How many inflection points?

[grapz]

The double derivative function is given as:

f'' ( x) = ( x - 1 ) ^3 ( x + 2 ) ( x^2 + 3x + 2 ) ( x ^ 64 - 1 )

How many points of inflection does the graph of f have?

How do i go about doing this.

 

[Deleted member 4993]

The double derivative function is given as:

$\displaystyle f'' ( x) = ( x - 1 ) ^3 ( x + 2 ) ( x^2 + 3x + 2 ) ( x ^ {64} - 1 )$

How many points of inflection does the graph of f have?

How do i go about doing this.

How are inflection points and values of f"(x) related?

 

[grapz]

Well, if the double derivative of f(x) changes sign than that means there is an inflection point.

That isn't the problem, , since there is like 10000000000000000 critical points, how do i find out wether the sign of f''(x) changes?

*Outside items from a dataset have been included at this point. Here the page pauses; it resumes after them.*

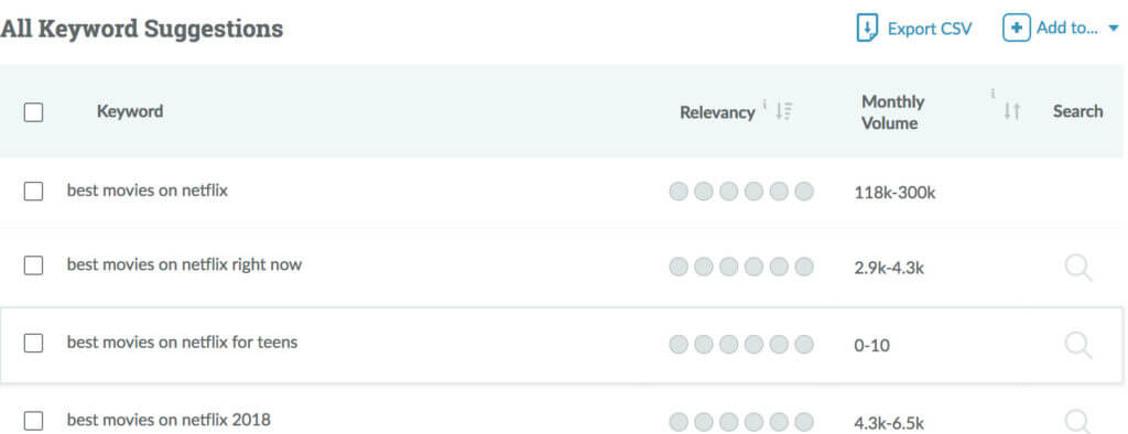For “best movies on Netflix” Moz suggested “best teen movies on Netflix” for example, this is a smaller place to start and would be easier to rank when starting out.
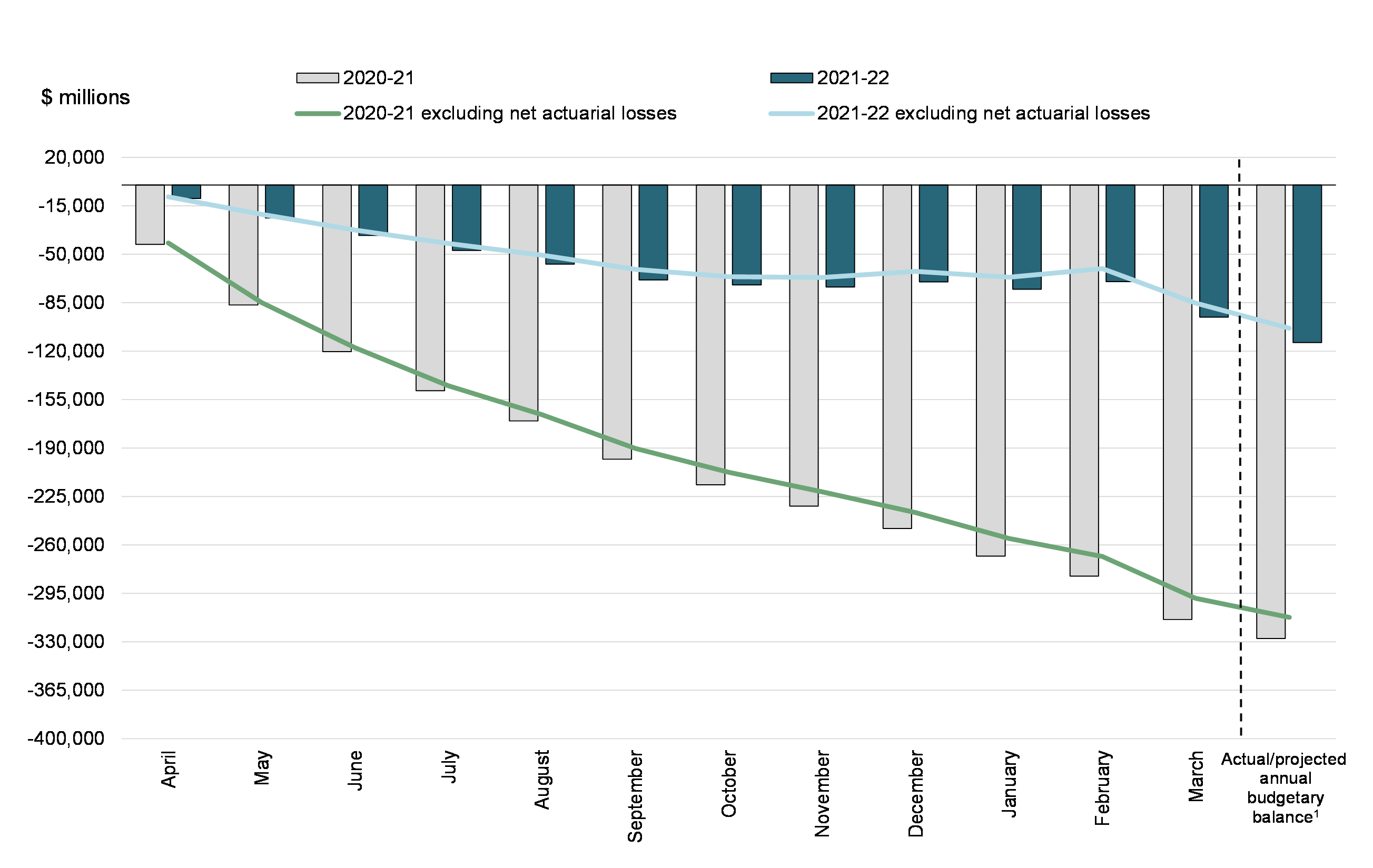 There was a budgetary deficit of $25.7 billion in March 2022, compared to a deficit of $31.4 billion in March 2021. The budgetary deficit before net actuarial losses was $24.9 billion, compared to a deficit of $30.2 billion in the same period of 2020-21. The budgetary balance before net actuarial losses is intended to supplement the traditional budgetary balance and improve the transparency of the government’s financial reporting by isolating the impact of the amortization of net actuarial losses arising from the revaluation of the government’s pension and other employee future benefit plans.
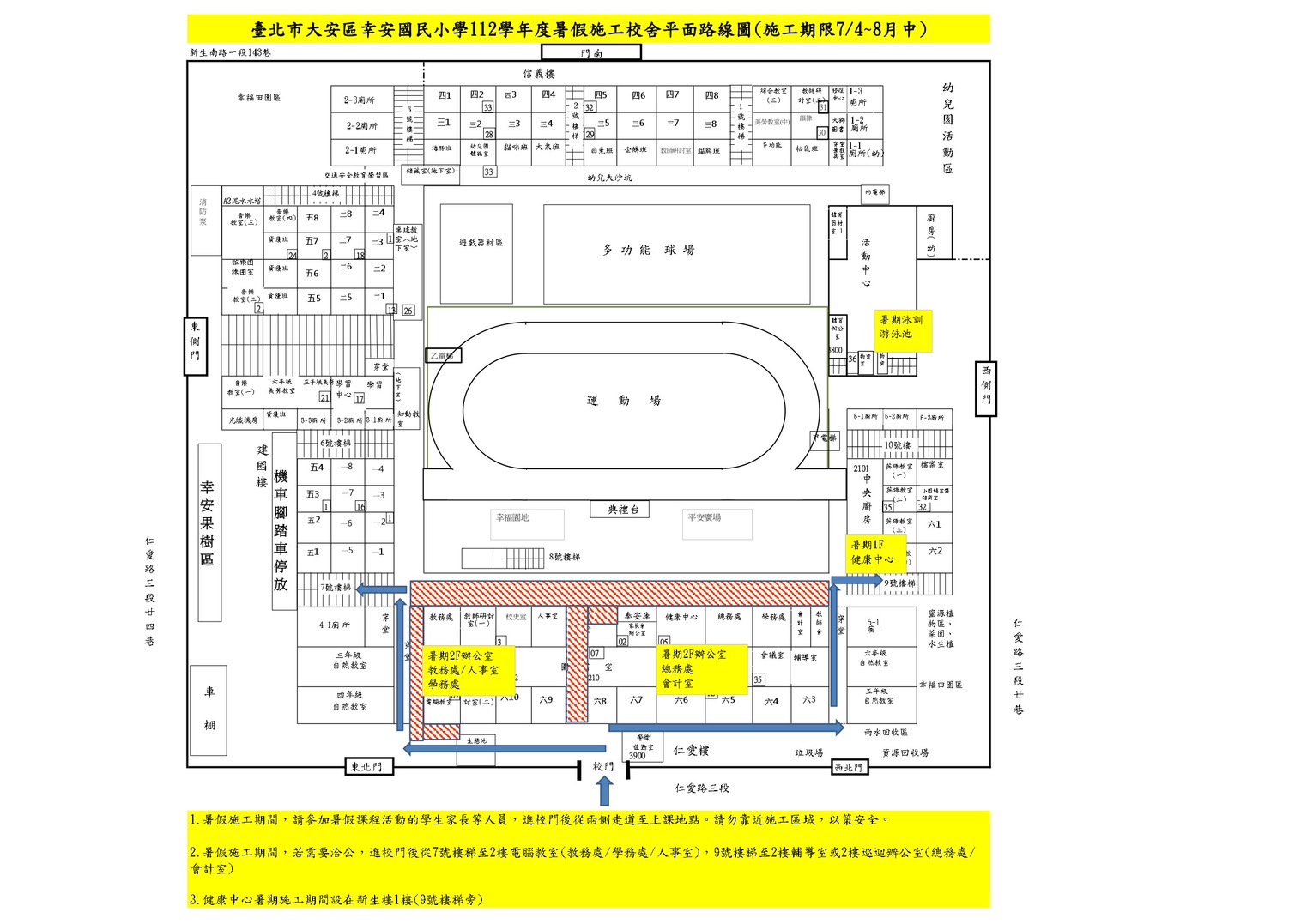 1.暑假施工期間,請參加暑假課程活動的學生及家長等人員,進校門後從兩側走道至上課地點。請勿靠近施工區域,以策安全。(請參考圖片)
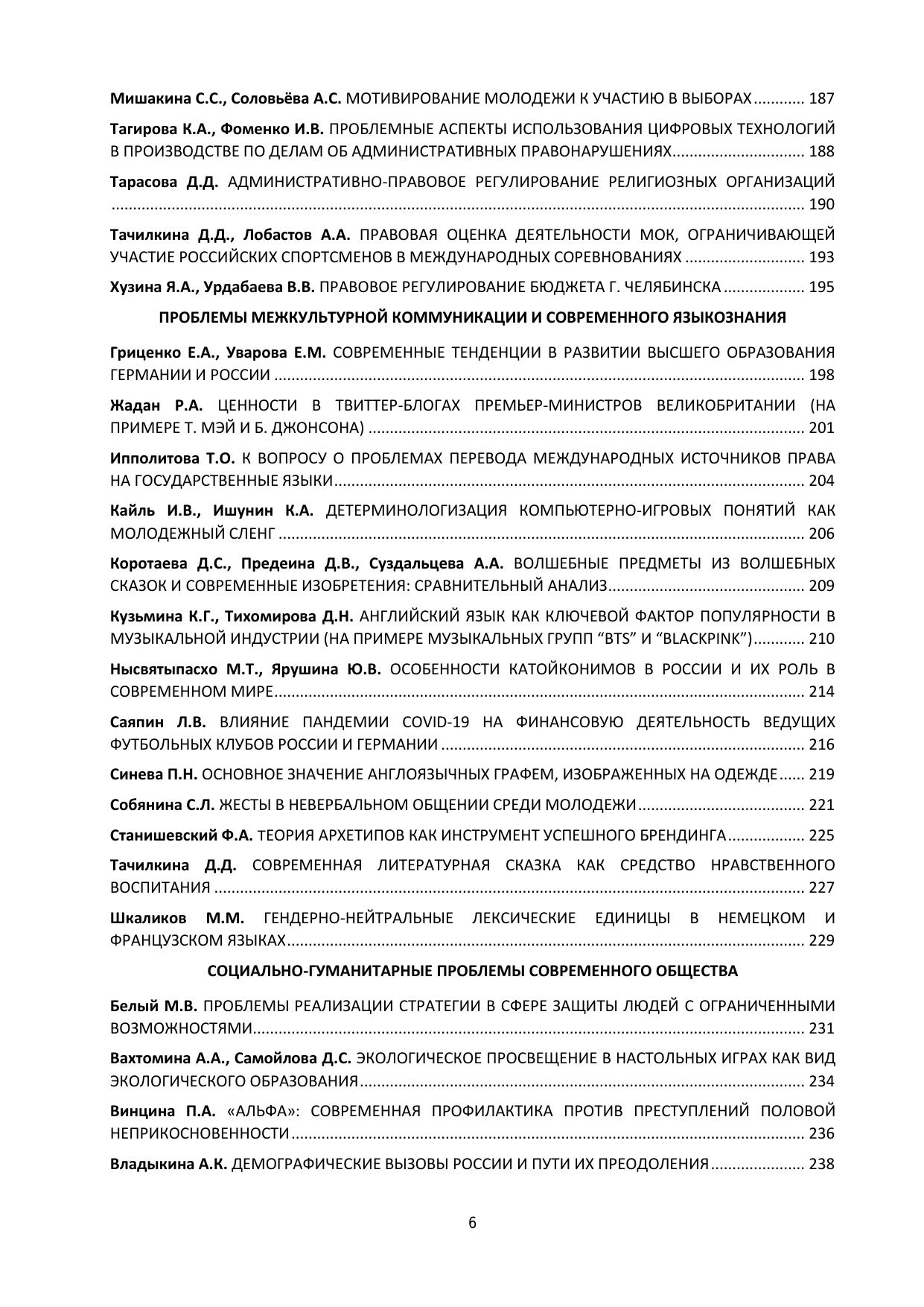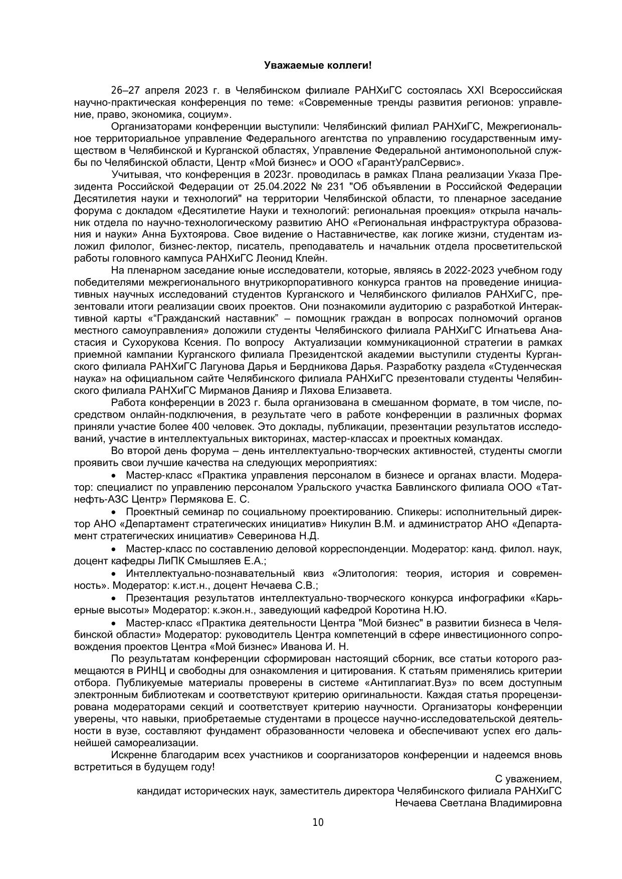Сборник включает материалы XXI Всероссийской студенческой научно-практической конференции «Со-временные тренды развития регионов: управление, право, экономика, социум», проведенной 26-27 апреля 2023 года в Челябинском филиале РАНХиГС. В представленных материалах рассматриваются актуальные вопросы управленческих, правовых и социально-экономических аспектов развития страны. Издание предна-значено для студентов, аспирантов, молодых ученых.

There must be a shortcut, but i can't see it.

thanks

 

[galactus]

There's not as many as you may think. The roots of $\displaystyle x^{64}-1$ are all complex except for -1 and 1.

 

[grapz]

Thanks for the reply.

I found out that this function has no inflection points

 

[galactus]

Exactly. Take a look at the graph.

At $\displaystyle f''(1)=0, \;\ f''(-1)=0$, but they are not inflection points. f is concave up on $\displaystyle (-\infty,\infty)$

If $\displaystyle f''(x)>0$ on an open interval, then f is concave up on (a,b)

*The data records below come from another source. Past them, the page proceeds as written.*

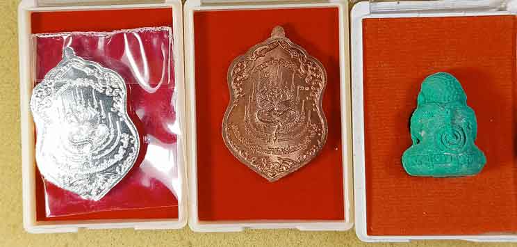 เหรียญ หลวงปู่บุญมา สํานักสงฆ์เขาแก้วทอง ปราจีนบุรี 2 เหรียญ + เหรียญ 2 เหรียญ + พระปิดตา สำนักสงฆ์ป่าสมุนไพรเขาไม้แก้ว จ.ปราจีนบุรี |
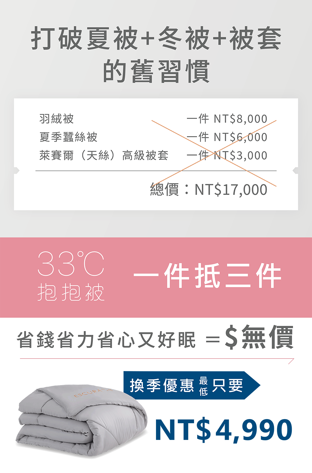 羽絨被、遠紅外線被、石墨烯被只適合寒流來的那幾天,多數的冬天蓋到半夜流汗。
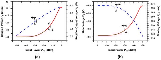 (a) Simulated coupled voltage and rectifier output voltage , and (b) simulated gate voltage and biasing voltage .
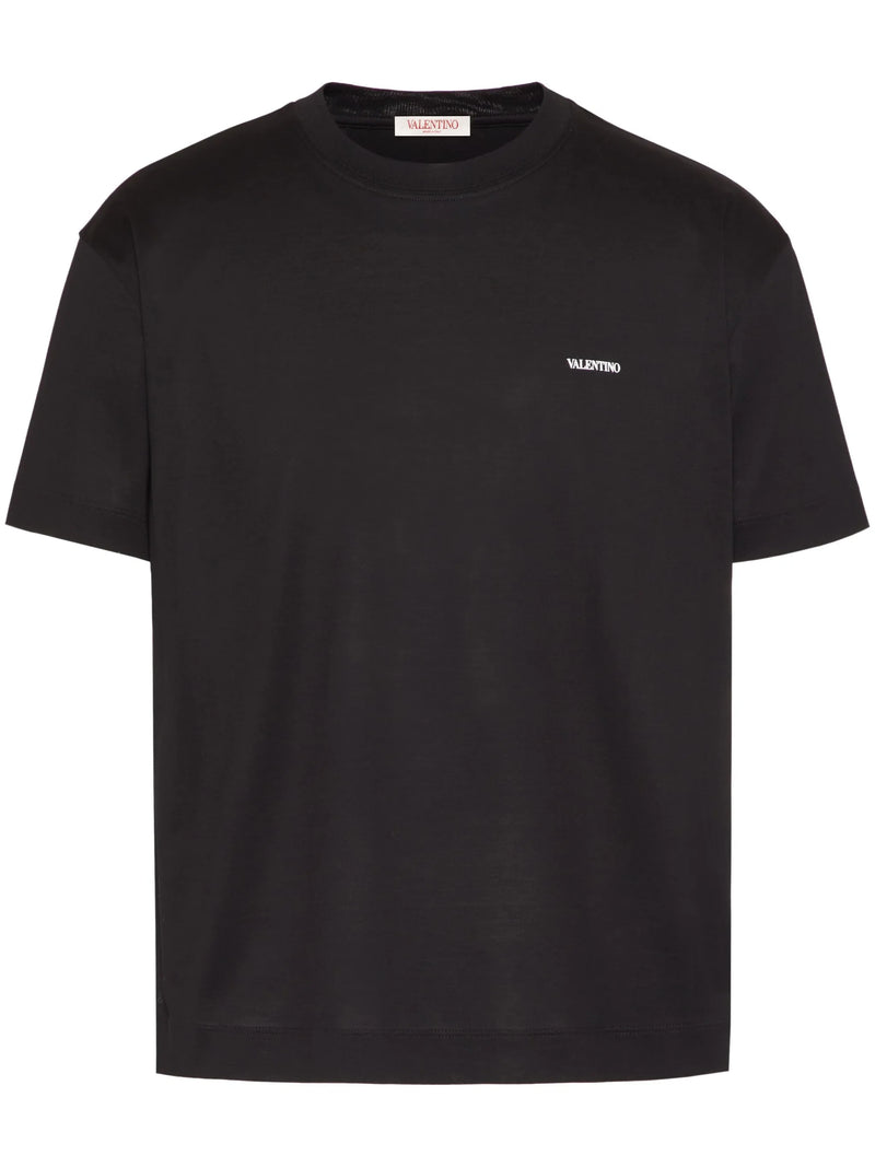This black Valentino Logo T-Shirt is made of comfortable cotton and features a distinct logo print at the chest. Its crew neck, short sleeves, and straight hem provide a classic and versatile look. Perfect for any casual occasion, this shirt is a must-have addition to your wardrobe.
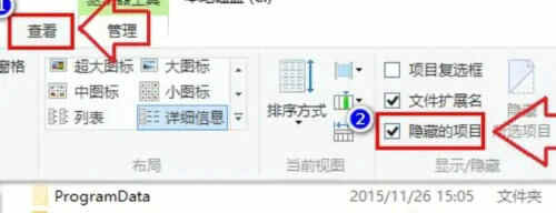 2、点击“查看”菜单,勾选“隐藏的项目”,同时按快捷键 Win+R,在打开的运行窗口中输入localappdata回车。
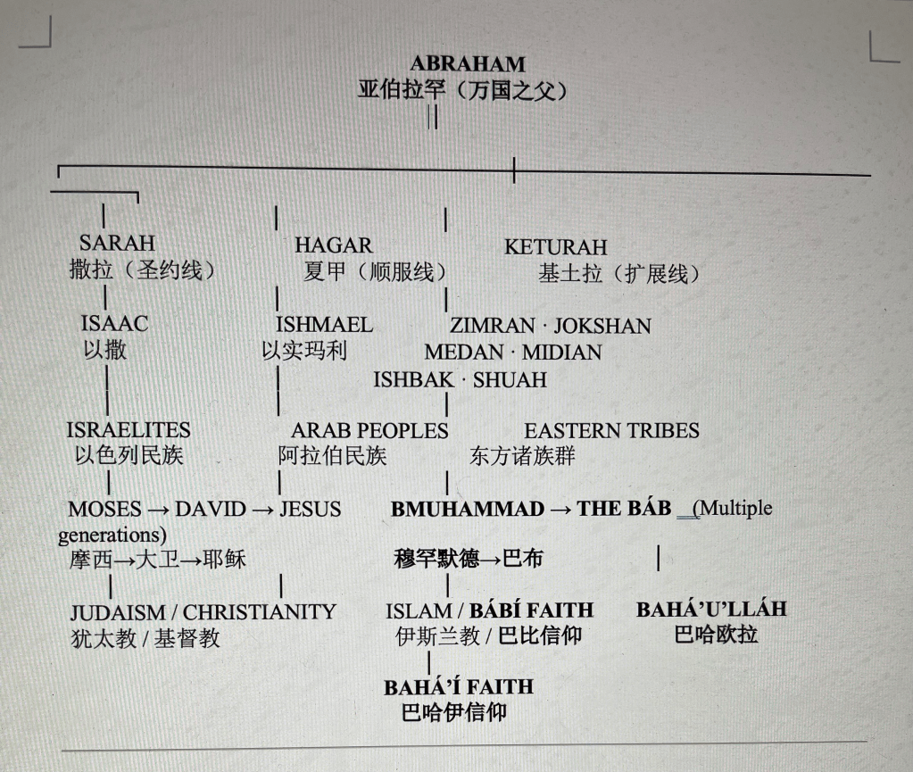 在巴哈伊传统中,巴哈欧拉经由基土拉一支追溯其血统至亚伯拉罕。这一谱系使巴哈伊信仰既属于亚伯拉罕宗教家族,又超越早期血统分化,强调合一而非排他。⁸

If $\displaystyle f''(x)<0$ on an open interval, then f is concave down on (a,b)

 

[Deleted member 4993]

The double derivative function is given as:

$\displaystyle f'' ( x) = ( x - 1 ) ^3 ( x + 2 ) ( x^2 + 3x + 2 ) ( x ^ {64} - 1 )$

$\displaystyle f'' ( x) = ( x - 1 )^4( x + 2 )^2(x + 1)^2 ( x ^ {32} + 1)( x ^ {16} + 1)( x ^ {8} + 1)( x ^ {4} + 1)( x ^ {2} + 1)$

All the real roots are repeating and of even order - thus f"(x) does not change sign and no inflection point exists for the function in question.

How many points of inflection does the graph of f have?

How do i go about doing this.